One hot encoding with ambiguitiy (nucleotide sequences)-CodePudding

Nucleotide sequences (or DNA sequences) generally are comprised of 4 bases: ATGC which makes for a very nice, easy and efficient way of encoding this for machine learning purposes.

sequence = AAATGCC
ohe_sequence = [[1, 0, 0, 0], [1, 0, 0, 0], [1, 0, 0, 0], [0, 1, 0, 0], [0, 0, 1, 0], [0, 0, 0, 1], [0, 0, 0, 1]]

But when you take into account RNA sequences and mistakes that can sometimes occur in sequencing machines, the letters UYRWSKMDVHBXN are added... When one-hot encoding this you end up with a matrix of 17 rows of which the last 13 rows are generally all 0's.

This is very inefficient and does not confer the biological meaning that these extra (ambiguous) letters have.

For example:

T and U are interchangeable
Y represents there to be a C or T
N and X represent there to be any of the 4 bases (ATGC)

And so I have made a dictionary that represents this biological meaning

nucleotide_dict = {'A': 'A', 'T':'T', 'U':'T', 'G':'G', 'C':'C', 'Y':['C', 'T'], 'R':['A', 'G'], 'W':['A', 'T'], 'S':['G', 'C'], 'K':['T', 'G'], 'M':['C', 'A'], 'D':['A', 'T', 'G'], 'V':['A', 'G', 'C'], 'H':['A', 'T', 'C'], 'B':['T', 'G', 'C'], 'X':['A', 'T', 'G', 'C'], 'N':['A', 'T', 'G', 'C']}

But I can't seem to figure out how to make an efficient one-hot-encoding script (or wether there is a way to do this with the scikit learn module) that utilizes this dictionary in order to get a result like this:

sequence = ANTUYCC
ohe_sequence = [[1, 0, 0, 0], [1, 1, 1, 1], [0, 1, 0, 0], [0, 1, 0, 0], [0, 1, 0, 1], [0, 0, 0, 1], [0, 0, 0, 1]]

# or even better:
ohe_sequence = [[1, 0, 0, 0], [0.25, 0.25, 0.25, 0.25], [0, 1, 0, 0], [0, 1, 0, 0], [0, 0.5, 0, 0.5], [0, 0, 0, 1], [0, 0, 0, 1]]

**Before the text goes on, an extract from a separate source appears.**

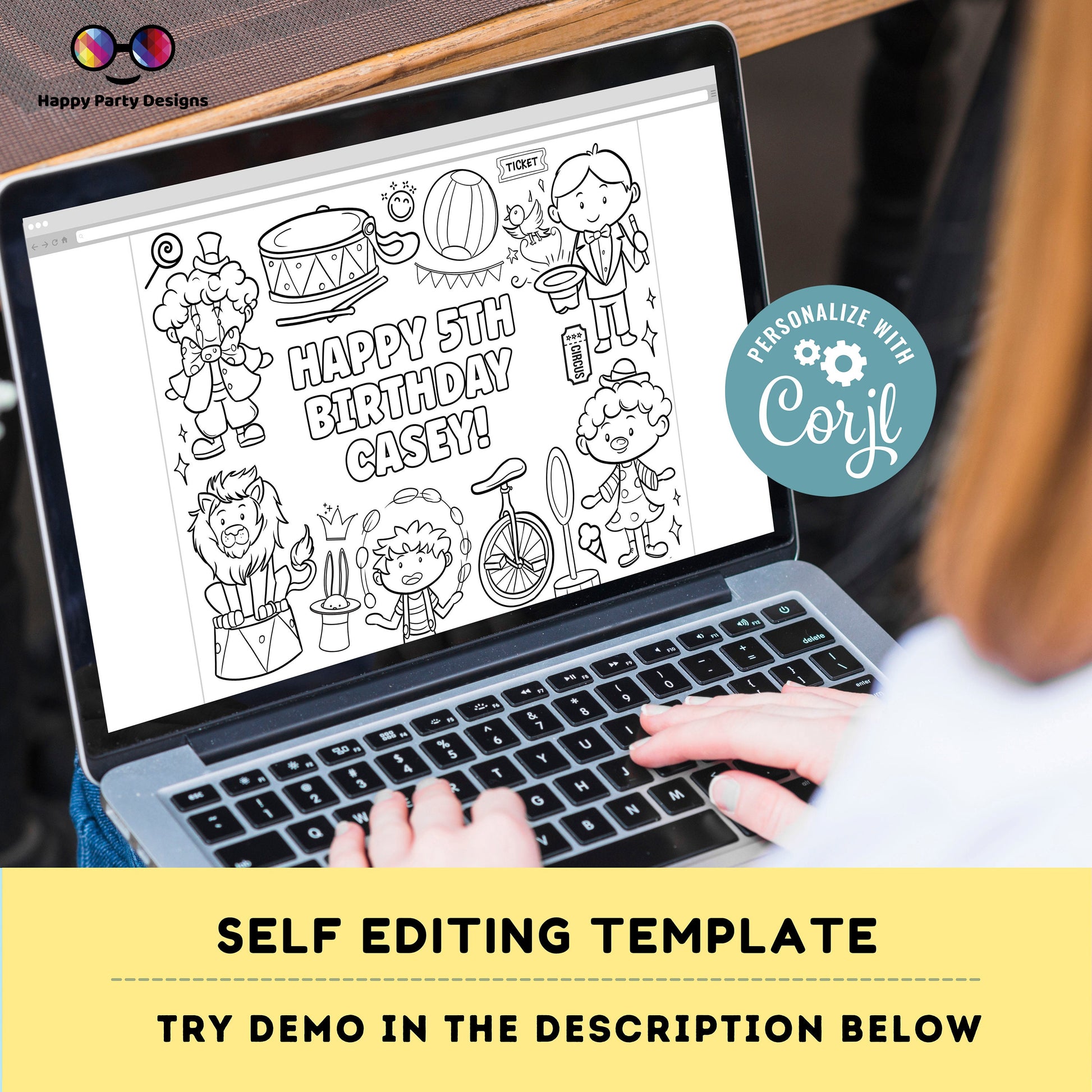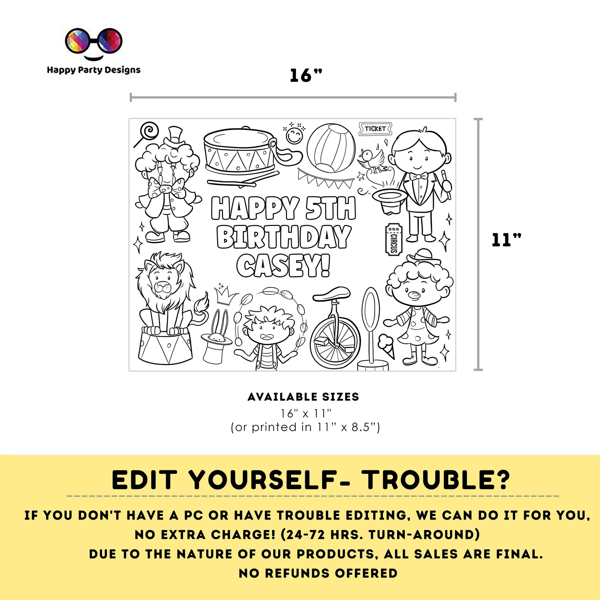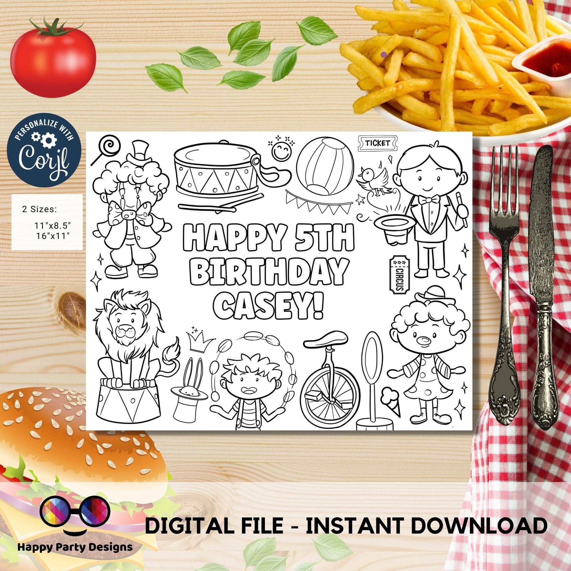Editable circus coloring page | Placemat coloring page | Any Age | Circus birthday party | Circus Party Activity | kids playing circus #K119

CodePudding user response：

This was fun! I think you can do this using a dictionary with the appropriate values. I added the scikit-learn class because you mentioned you were using that. See the transform below:

from sklearn.base import BaseEstimator, TransformerMixin
import numpy as np

nucleotide_dict = {
    "A": [1, 0, 0, 0],
    "G": [0, 1, 0, 0],
    "C": [0, 0, 1, 0],
    "T": [0, 0, 0, 1],
    "U": [0, 0, 0, 1],
    "Y": [0, 0, 1, 1],
    "R": [1, 1, 0, 0],
    "W": [1, 0, 0, 1],
    "S": [0, 1, 1, 0],
    "K": [0, 1, 0, 1],
    "M": [1, 0, 1, 0],
    "D": [1, 1, 0, 1],
    "V": [1, 1, 1, 0],
    "H": [1, 0, 1, 1],
    "B": [0, 1, 1, 1],
    "X": [1, 1, 1, 1],
    "N": [1, 1, 1, 1],
    "-": [0, 0, 0, 0],
}


class NucleotideEncoder(BaseEstimator, TransformerMixin):
    def __init__(self, norm=True):
        self.norm = norm

    def fit(self, X, y=None):
        return self

    def transform(self, X, y=None):
        f1 = lambda a: list(a)
        f2 = lambda g: nucleotide_dict[g]
        f3 = lambda c: list(map(f2, f1(c[0])))
        f4 = lambda t: np.array(f3(t)) / np.sum(np.array(f3(t)), axis=1)[:, np.newaxis]
        f = f3
        if self.norm:
            f = f4
        return np.apply_along_axis(f, 1, X)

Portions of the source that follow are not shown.